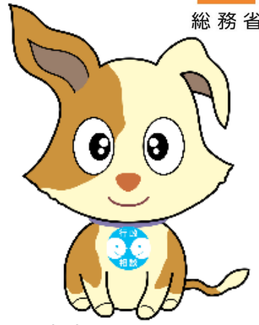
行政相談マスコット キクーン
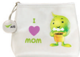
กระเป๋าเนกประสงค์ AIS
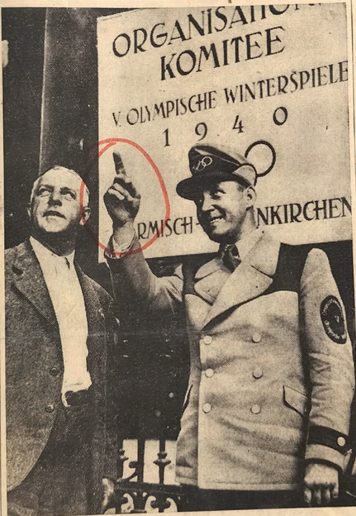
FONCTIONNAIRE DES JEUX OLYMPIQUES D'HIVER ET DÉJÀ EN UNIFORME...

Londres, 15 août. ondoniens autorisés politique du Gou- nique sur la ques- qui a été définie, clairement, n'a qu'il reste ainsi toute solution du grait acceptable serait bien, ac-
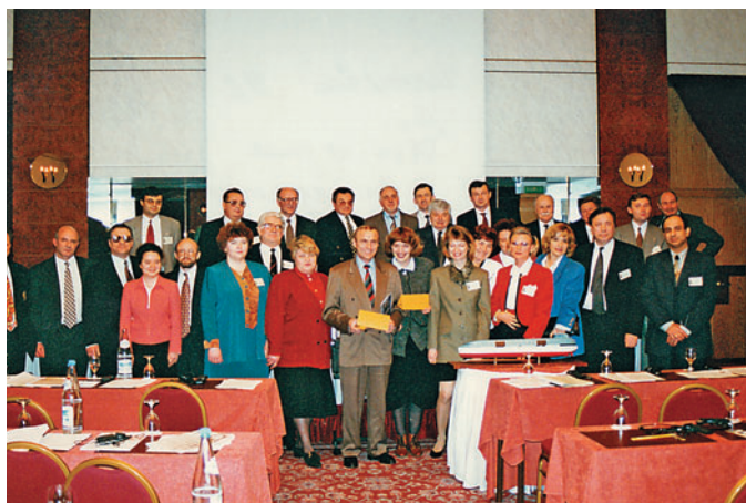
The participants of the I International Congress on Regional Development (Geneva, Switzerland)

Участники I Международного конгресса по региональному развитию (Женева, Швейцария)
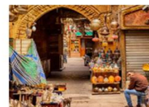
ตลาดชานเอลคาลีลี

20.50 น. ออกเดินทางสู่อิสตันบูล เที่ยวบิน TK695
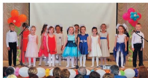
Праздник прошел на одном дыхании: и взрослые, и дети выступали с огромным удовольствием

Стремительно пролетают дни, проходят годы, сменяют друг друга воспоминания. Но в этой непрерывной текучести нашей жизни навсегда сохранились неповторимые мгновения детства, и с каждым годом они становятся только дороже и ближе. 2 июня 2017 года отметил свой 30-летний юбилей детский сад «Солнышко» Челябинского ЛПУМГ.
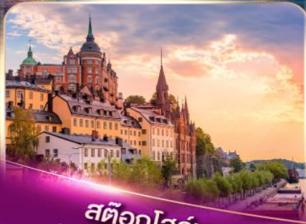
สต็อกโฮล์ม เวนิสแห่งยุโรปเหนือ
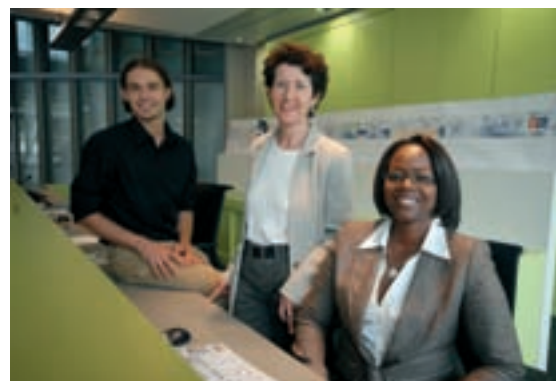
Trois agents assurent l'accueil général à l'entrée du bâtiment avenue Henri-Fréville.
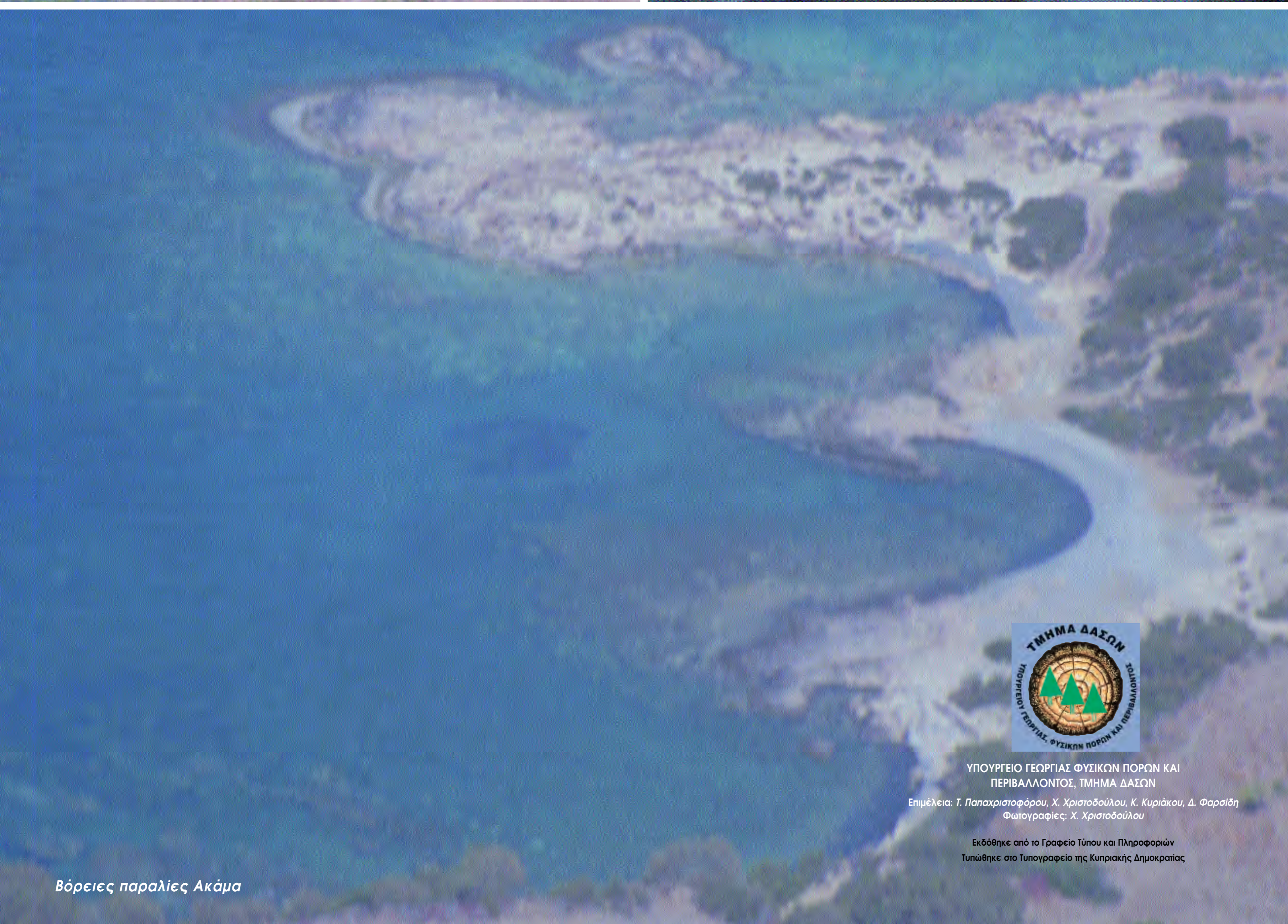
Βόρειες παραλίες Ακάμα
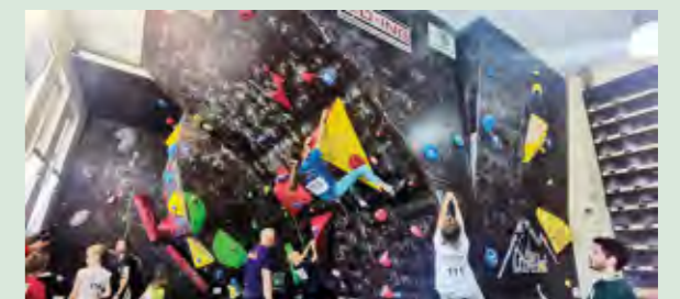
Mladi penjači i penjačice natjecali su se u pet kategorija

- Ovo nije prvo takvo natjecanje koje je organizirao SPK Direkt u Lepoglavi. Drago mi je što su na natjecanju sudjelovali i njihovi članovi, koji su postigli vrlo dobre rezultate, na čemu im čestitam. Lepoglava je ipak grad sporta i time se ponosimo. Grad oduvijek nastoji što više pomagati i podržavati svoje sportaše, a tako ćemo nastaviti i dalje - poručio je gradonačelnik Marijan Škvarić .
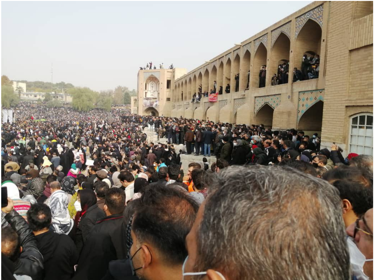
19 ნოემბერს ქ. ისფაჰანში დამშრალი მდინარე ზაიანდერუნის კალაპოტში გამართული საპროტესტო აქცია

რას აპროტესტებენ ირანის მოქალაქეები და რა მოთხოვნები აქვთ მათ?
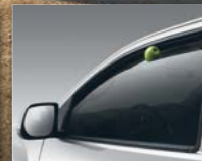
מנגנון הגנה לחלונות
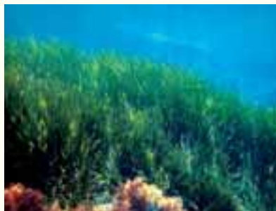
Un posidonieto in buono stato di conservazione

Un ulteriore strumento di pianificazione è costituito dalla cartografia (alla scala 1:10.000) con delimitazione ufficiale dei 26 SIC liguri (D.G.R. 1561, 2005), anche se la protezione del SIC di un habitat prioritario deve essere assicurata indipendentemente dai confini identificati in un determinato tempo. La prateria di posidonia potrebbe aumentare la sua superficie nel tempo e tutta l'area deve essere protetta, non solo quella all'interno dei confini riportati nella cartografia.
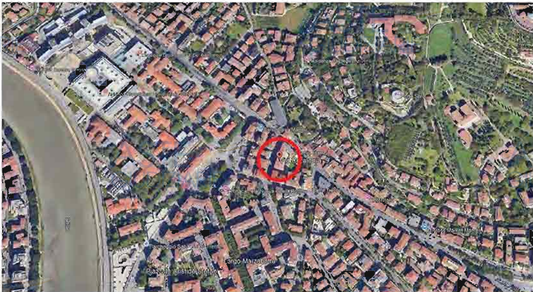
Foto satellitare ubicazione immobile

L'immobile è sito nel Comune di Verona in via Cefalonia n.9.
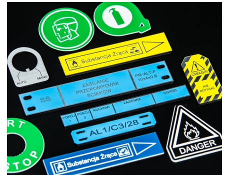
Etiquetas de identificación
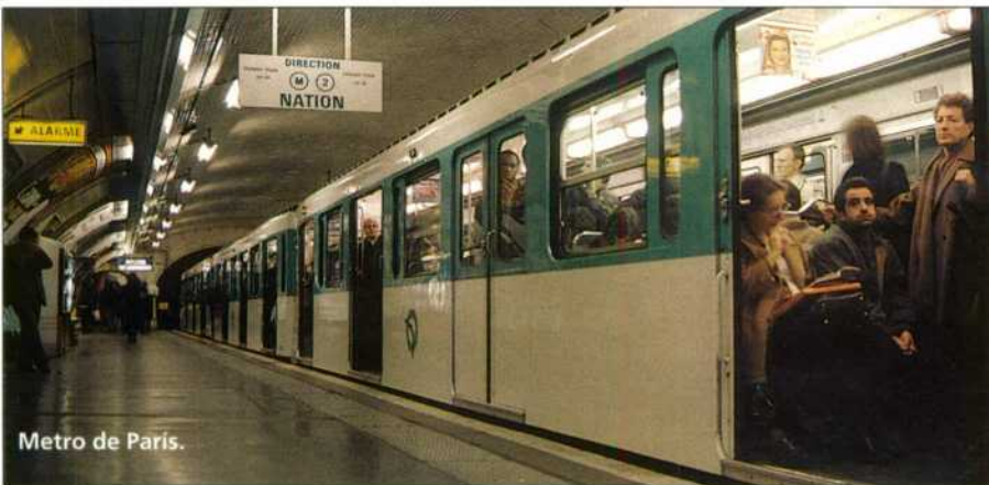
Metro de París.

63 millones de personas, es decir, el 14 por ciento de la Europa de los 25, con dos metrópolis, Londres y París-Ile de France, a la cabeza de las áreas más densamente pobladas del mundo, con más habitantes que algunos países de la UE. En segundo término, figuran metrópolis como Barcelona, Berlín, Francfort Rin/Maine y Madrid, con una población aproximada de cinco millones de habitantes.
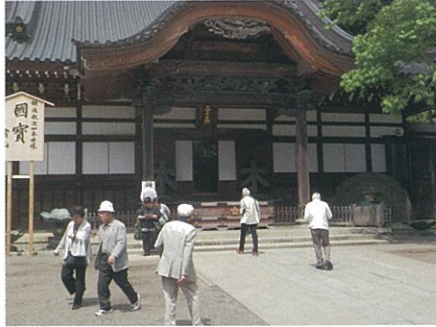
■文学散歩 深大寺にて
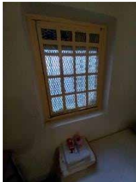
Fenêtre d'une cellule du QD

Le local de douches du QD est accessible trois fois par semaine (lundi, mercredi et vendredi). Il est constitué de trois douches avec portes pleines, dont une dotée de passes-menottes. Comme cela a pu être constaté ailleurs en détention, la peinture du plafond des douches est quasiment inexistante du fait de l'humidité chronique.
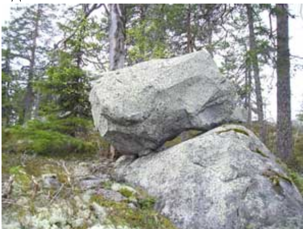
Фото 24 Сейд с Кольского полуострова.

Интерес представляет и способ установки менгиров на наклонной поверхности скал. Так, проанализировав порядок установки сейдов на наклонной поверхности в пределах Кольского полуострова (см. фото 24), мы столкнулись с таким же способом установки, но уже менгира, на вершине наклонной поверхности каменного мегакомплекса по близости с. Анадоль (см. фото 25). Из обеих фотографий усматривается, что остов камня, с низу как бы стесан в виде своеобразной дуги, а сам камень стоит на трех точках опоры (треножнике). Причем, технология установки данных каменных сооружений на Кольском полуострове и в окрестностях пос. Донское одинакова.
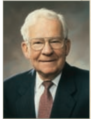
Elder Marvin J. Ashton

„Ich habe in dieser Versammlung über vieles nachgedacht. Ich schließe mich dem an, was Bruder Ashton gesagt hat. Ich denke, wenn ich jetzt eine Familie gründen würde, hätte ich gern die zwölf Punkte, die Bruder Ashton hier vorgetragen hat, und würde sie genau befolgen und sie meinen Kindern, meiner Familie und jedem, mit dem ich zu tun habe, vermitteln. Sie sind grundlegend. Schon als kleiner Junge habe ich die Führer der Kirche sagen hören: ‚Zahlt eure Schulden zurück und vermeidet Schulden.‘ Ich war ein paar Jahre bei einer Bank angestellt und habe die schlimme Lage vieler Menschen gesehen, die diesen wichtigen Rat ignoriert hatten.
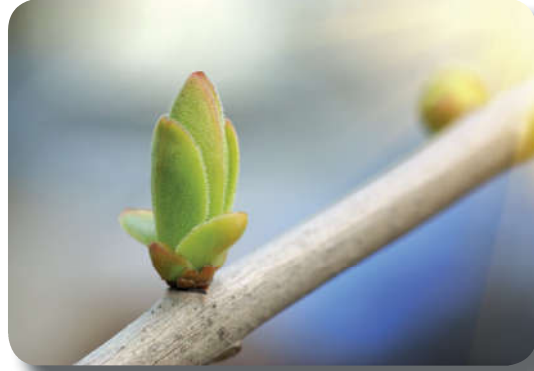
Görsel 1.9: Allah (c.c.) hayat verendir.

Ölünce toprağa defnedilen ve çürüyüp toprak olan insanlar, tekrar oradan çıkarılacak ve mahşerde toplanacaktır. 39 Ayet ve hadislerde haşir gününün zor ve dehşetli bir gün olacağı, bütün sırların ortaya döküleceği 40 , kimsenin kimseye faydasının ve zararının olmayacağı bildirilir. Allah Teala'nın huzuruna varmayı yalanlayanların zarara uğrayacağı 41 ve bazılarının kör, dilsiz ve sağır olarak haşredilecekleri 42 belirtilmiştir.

=====

Only the lines from the start of the records to the line with "20.50 น. ออกเดินทางสู่อิสตันบูล" belong in the copy. Print them exactly, minus pictures.

Solved exercise:
行政相談マスコット キクーン
กระเป๋าเนกประสงค์ AIS
FONCTIONNAIRE DES JEUX OLYMPIQUES D'HIVER ET DÉJÀ EN UNIFORME...

Londres, 15 août. ondoniens autorisés politique du Gou- nique sur la ques- qui a été définie, clairement, n'a qu'il reste ainsi toute solution du grait acceptable serait bien, ac-
The participants of the I International Congress on Regional Development (Geneva, Switzerland)

Участники I Международного конгресса по региональному развитию (Женева, Швейцария)
ตลาดชานเอลคาลีลี

20.50 น. ออกเดินทางสู่อิสตันบูล เที่ยวบิน TK695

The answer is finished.